Reichel-Dolmatoff was a member of the Colombian Academy of Sciences, and a Foreign Associate Member of the NAS National Academy of Sciences of the United States and he was also a member of the Academia Real Española de Ciencias. He was awarded the Thomas H. Huxley medal by the Royal Anthropological Institute of Great Britain and Ireland in 1975. Reichel-Dolmatoff was the single author of 40 books and of over 400 articles, all dedicated to the archeology and anthropology of Colombia and specifically highlighting the relevance of indigenous peoples of the past and present.

In 1983, Reichel-Dolmatoff was one of the founding members of the Third World Academy of Sciences (TWAS), which was created and headed by dr.

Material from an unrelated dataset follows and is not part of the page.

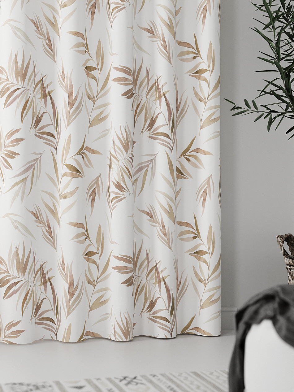 Комплект штор из легкой портьерной ткани (габардин) оформлен печатным рисунком. Печатный рисунок дает широкие возможности обновить интерьер фактически нет требуя ремонта за счет огромного выбора. Ткани с печатным рисунком безопасны и не содержат токсичных веществ. Не смотря на то что, материал легкий, он имеет высокую плотность, мало загрязнятся и не требует особого ухода даже после стирки, что важно для кухонных занавесок. Шторы не выцветают, не растягиваются, превосходно драпируются, образуя струящиеся складки. Прекрасное решение для создания красоты и уюта с помощью уникальных дизайнов.

Abdus Salam (Nobel Prize in Physics) with renowned scientists of the Third World who sought to focus differently on the issues of science and technology for the interests of the developing countries themselves.

=== International recognition ===
While living in Colombia for over half a century, Reichel-Dolmatoff provided his professional services to the national and departmental governments, and as university professor, researcher and author to public and private universities. In 1945 he founded in Santa Marta the Instituto Ethnologico Nacional del Magdalena and in the early 1950s he became professor of Medical Anthropology at the University of Cartagena. He occupied, amongst other positions, those of researcher and lecturer of the Instituto Etnologico Nacional and the Colombian Institute of Anthropology and he was Chair and professor of the Department of Anthropology of the Universidad de los Andes. He was visiting professor of the National Museum of Ethnology in Japan. Reichel-Dolmatoff participated in academic congresses and seminars and wrote conference papers in universities and international or national academic events in South America, North America and Central America as well as in Europe, Japan. In the field of archaeology, Reichel-Dolmatoff helped define the early archeological evidence of the Formative stage in Colombia, based on sites excavated which provided the then most ancient site in all the Americas where pottery had originated over 6,000 years ago, and this research was tied also to new interpretations of the meaning and connections of the cultural evolution of Colombia with other regions of the Americas. Reichel-Dolmatoff researched origins of early chiefdoms and explained the millenarian evolution of Amerindian cultures and their links to contemporary indigenous groups. His excavations focused mainly on living spaces and garbage heaps, where the archaeologist avoided exploring or excavating monumental sculptures, monumental architecture and indigenous burial sites. In the field of anthropology, Reichel-Dolmatoff focused on investigating and celebrating Colombia's ethnic and cultural diversity and especially of indigenous peoples. The scope and extent of his work and dedication to understanding, acknowledging and disseminating the importance and value of Colombia's contemporary indigenous peoples was significant.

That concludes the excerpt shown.